- _HOW TO COMPLETE THIS TASK_:
Beginning with the line of the entries below that holds "4月22日,山东省荣成市石岛" and ending with the line that holds "La denuncia de", transcribe each line exactly as written. Pictures stay out.

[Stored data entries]

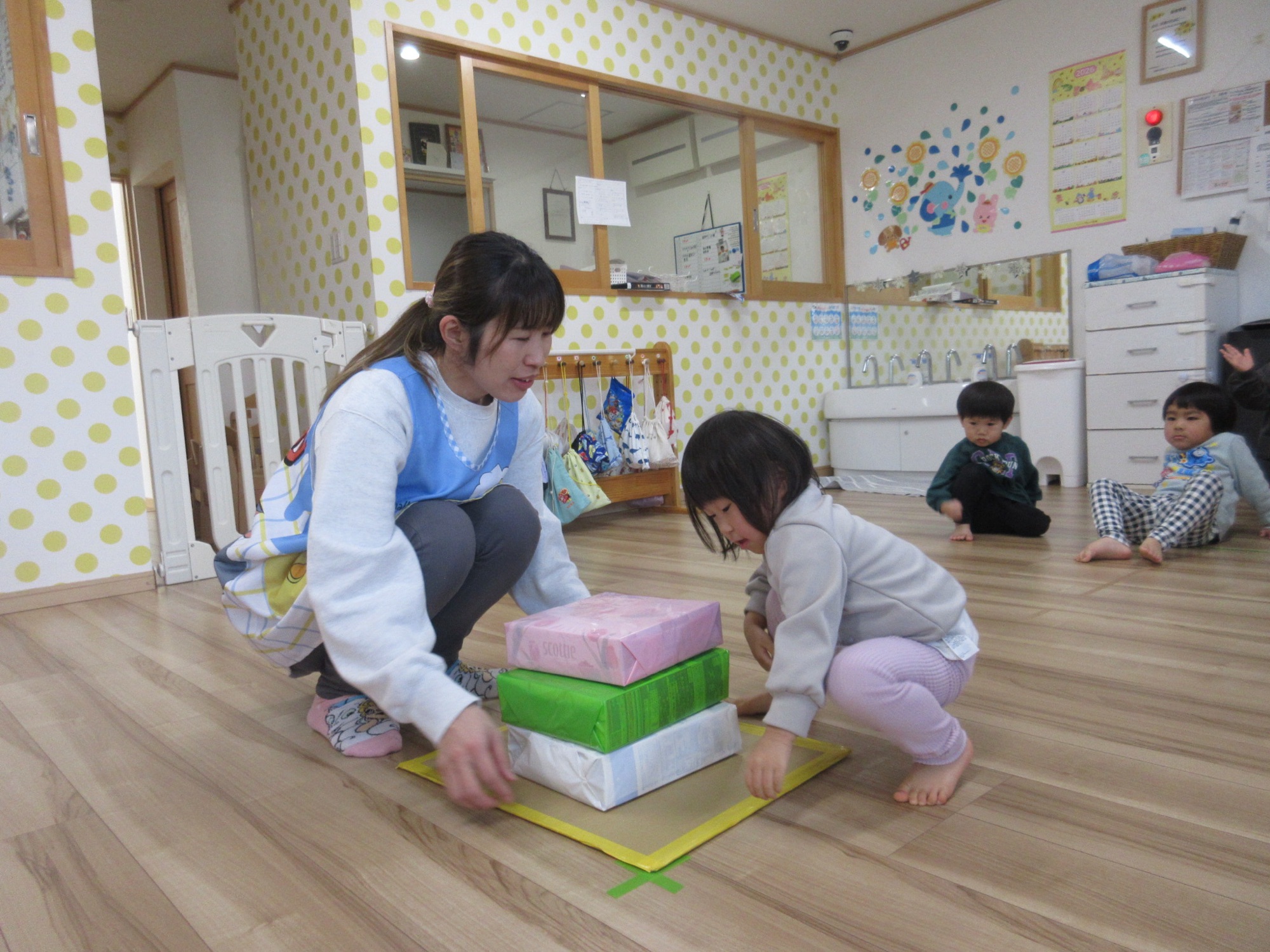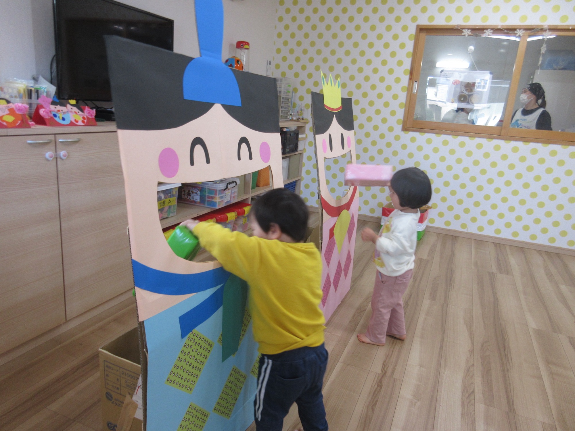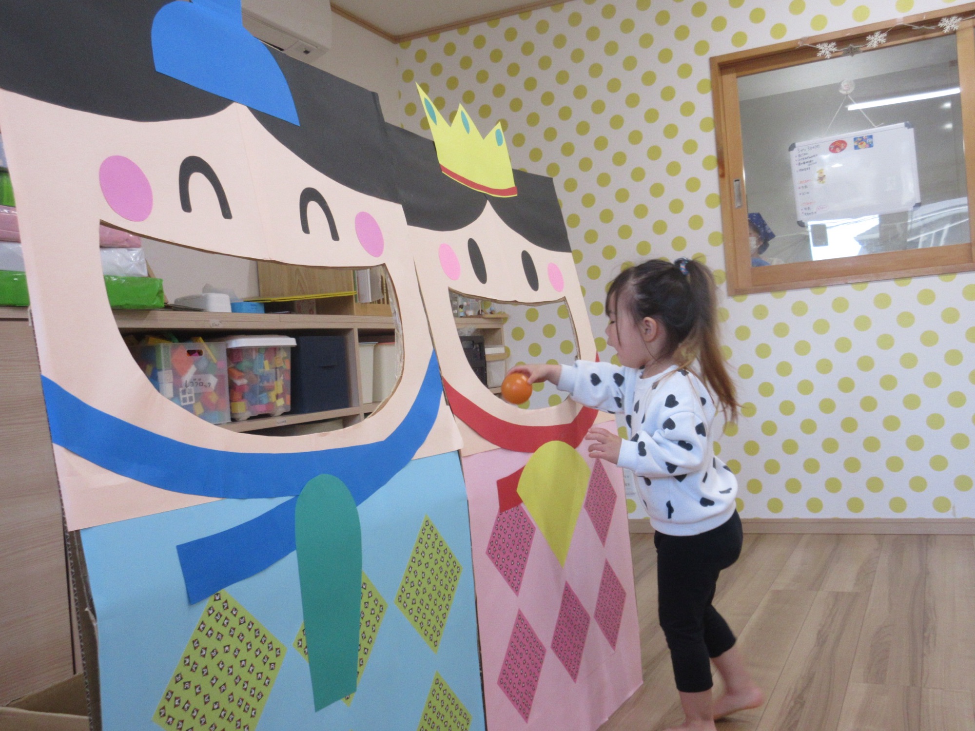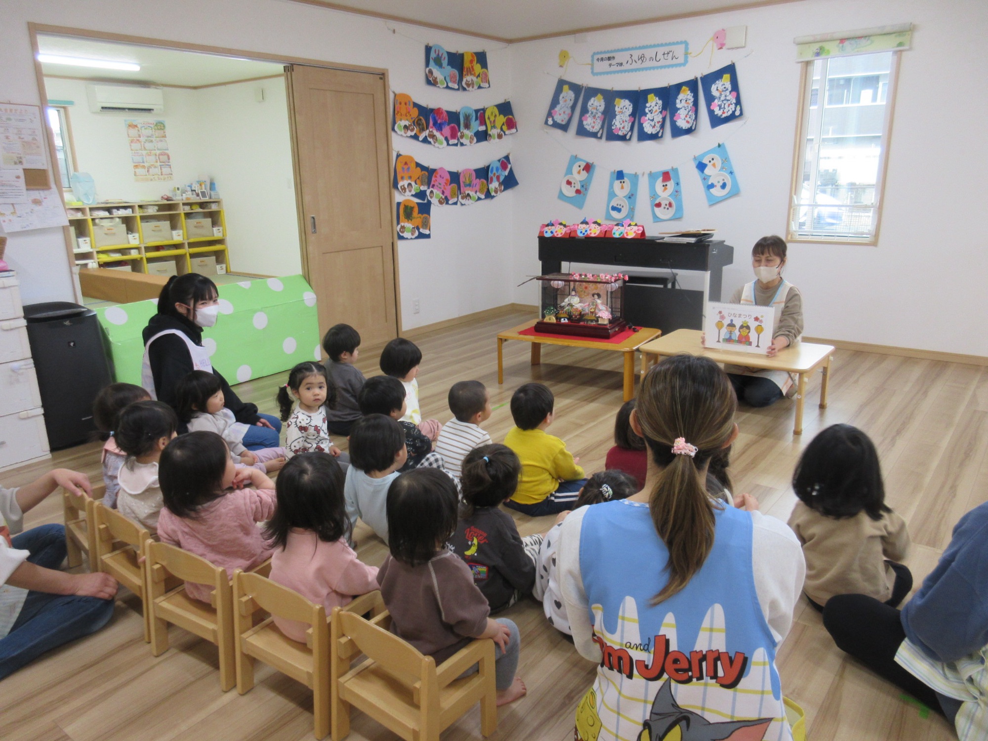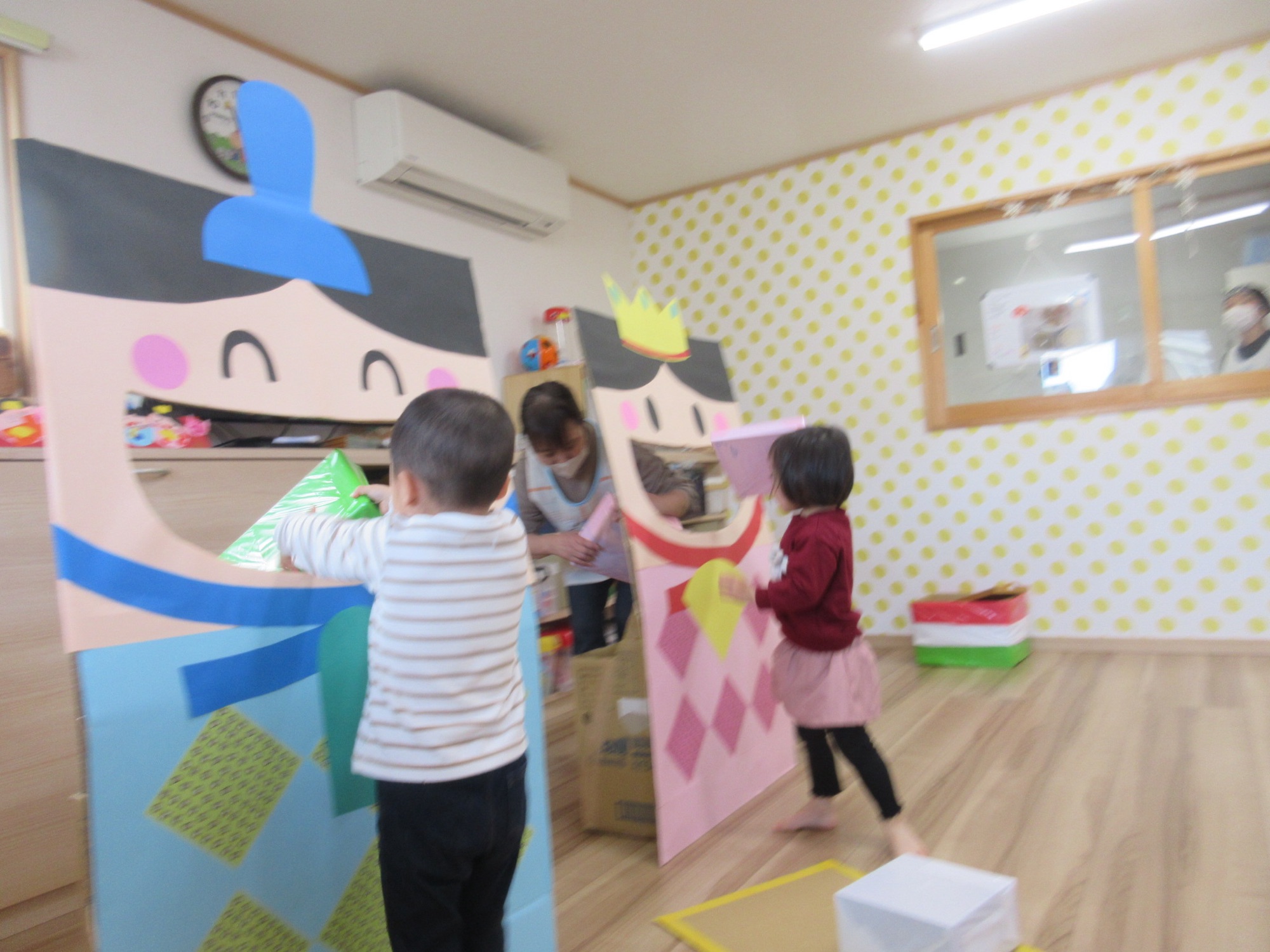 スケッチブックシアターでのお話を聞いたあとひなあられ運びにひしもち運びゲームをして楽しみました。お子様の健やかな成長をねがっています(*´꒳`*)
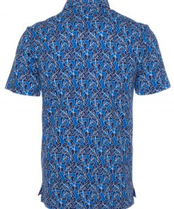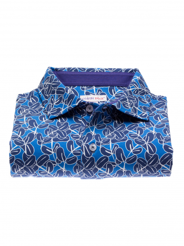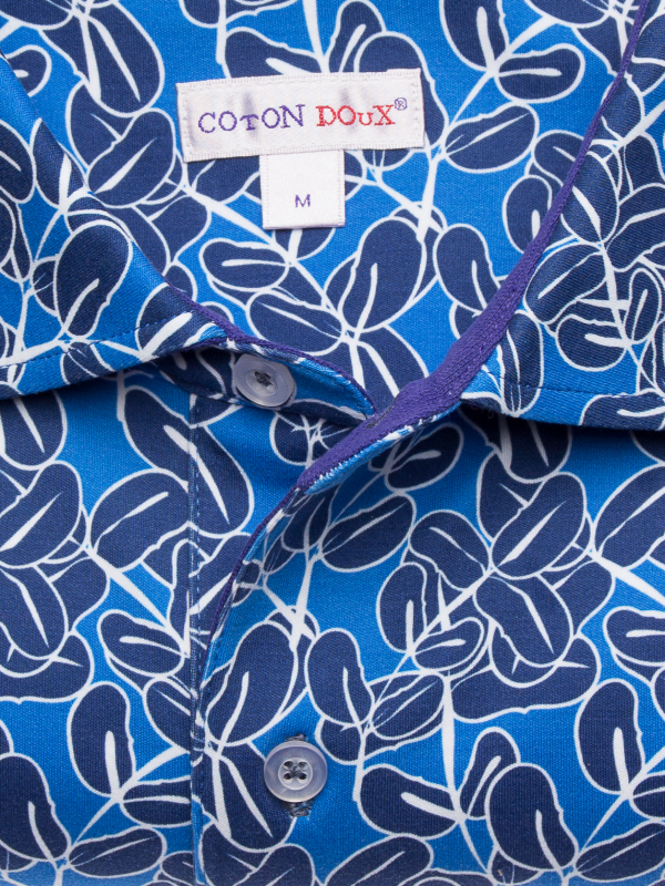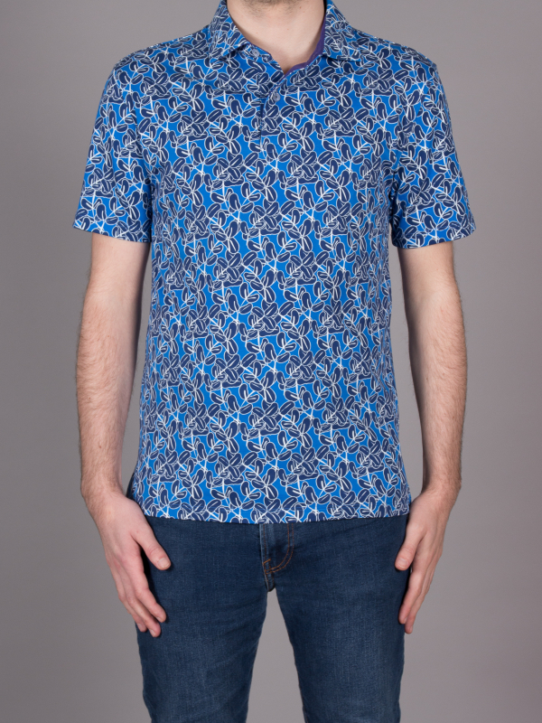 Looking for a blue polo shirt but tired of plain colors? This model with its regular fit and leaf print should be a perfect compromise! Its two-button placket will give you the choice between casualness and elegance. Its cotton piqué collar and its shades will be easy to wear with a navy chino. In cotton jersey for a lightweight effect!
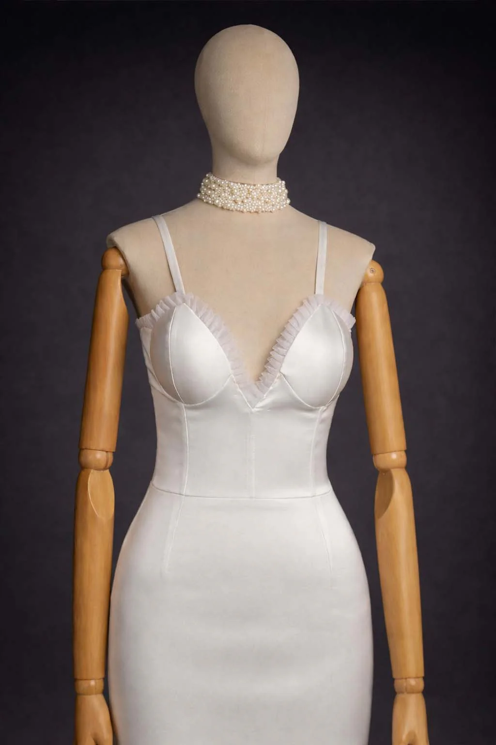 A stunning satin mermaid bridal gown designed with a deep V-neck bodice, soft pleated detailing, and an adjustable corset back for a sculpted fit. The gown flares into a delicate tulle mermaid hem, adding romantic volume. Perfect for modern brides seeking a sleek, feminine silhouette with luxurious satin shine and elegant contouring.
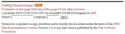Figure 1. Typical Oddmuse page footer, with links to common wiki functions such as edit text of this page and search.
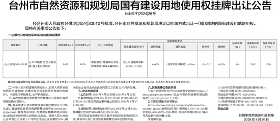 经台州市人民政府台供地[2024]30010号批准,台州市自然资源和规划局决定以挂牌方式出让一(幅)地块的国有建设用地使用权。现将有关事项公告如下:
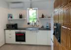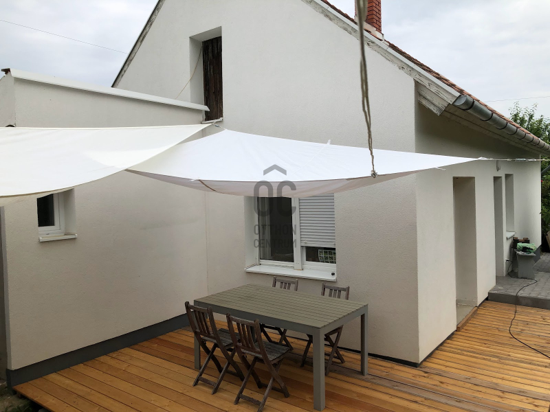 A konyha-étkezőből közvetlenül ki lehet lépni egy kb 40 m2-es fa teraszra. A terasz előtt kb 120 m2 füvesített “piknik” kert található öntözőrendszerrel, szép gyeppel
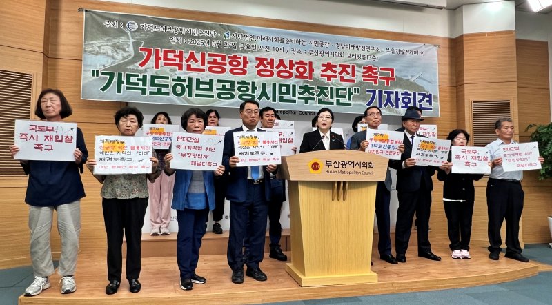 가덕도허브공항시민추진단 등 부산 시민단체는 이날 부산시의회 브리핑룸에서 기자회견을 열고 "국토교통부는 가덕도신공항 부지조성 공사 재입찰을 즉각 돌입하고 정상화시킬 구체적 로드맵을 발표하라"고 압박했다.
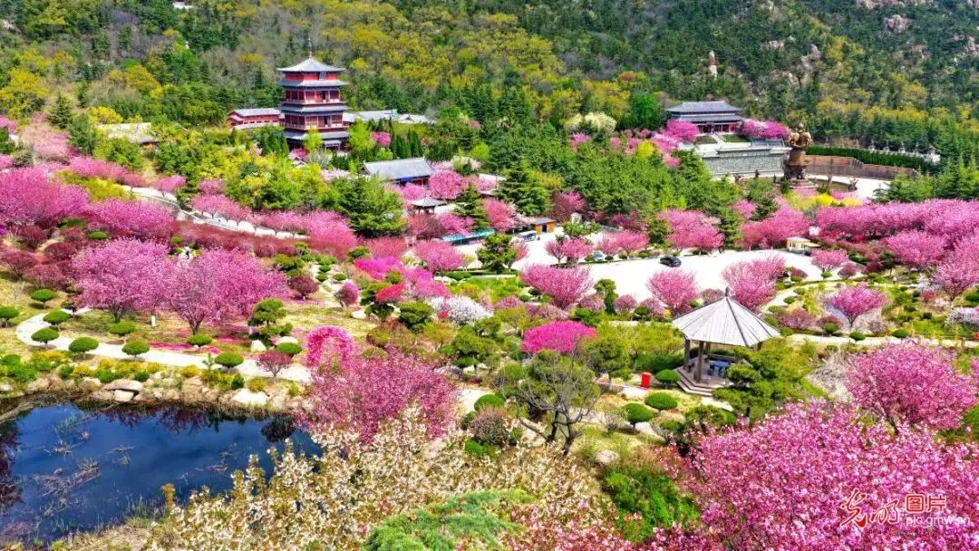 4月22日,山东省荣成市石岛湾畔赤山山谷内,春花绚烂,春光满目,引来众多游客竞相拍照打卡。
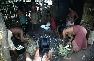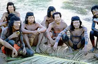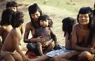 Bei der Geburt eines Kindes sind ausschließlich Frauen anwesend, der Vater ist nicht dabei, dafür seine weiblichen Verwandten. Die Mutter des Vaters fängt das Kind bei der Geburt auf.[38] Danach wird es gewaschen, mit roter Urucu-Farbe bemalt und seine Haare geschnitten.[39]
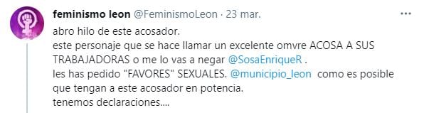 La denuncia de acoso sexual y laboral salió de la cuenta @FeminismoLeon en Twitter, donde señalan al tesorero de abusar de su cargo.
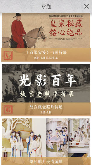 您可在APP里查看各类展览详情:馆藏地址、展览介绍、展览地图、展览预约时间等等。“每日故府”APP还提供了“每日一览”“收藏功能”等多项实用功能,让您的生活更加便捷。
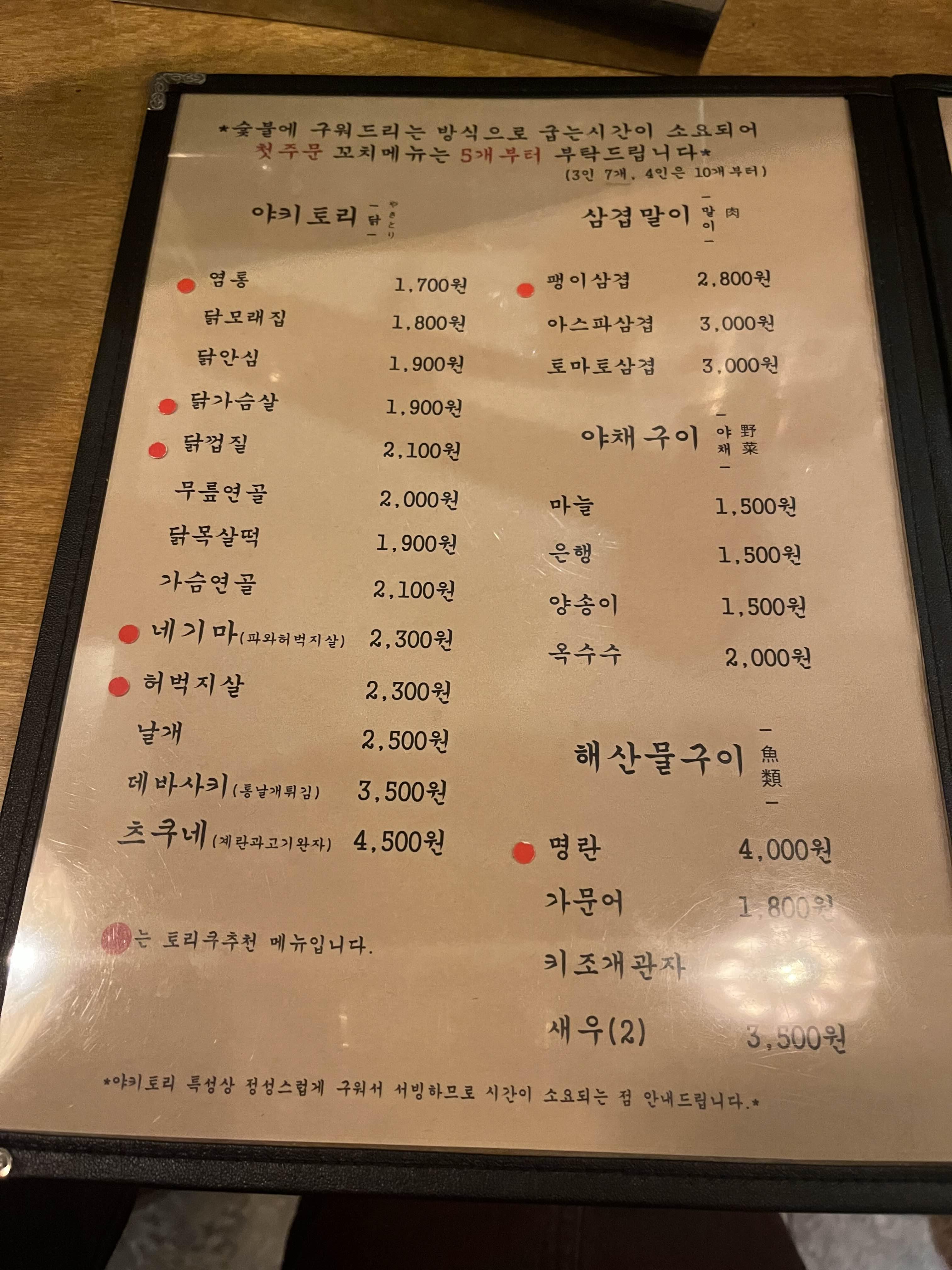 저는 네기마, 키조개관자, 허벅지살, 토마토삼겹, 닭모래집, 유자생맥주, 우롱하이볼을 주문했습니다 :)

- _SOLUTION FOR THIS PROBLEM_:
 4月22日,山东省荣成市石岛湾畔赤山山谷内,春花绚烂,春光满目,引来众多游客竞相拍照打卡。
 Bei der Geburt eines Kindes sind ausschließlich Frauen anwesend, der Vater ist nicht dabei, dafür seine weiblichen Verwandten. Die Mutter des Vaters fängt das Kind bei der Geburt auf.[38] Danach wird es gewaschen, mit roter Urucu-Farbe bemalt und seine Haare geschnitten.[39]
 La denuncia de acoso sexual y laboral salió de la cuenta @FeminismoLeon en Twitter, donde señalan al tesorero de abusar de su cargo.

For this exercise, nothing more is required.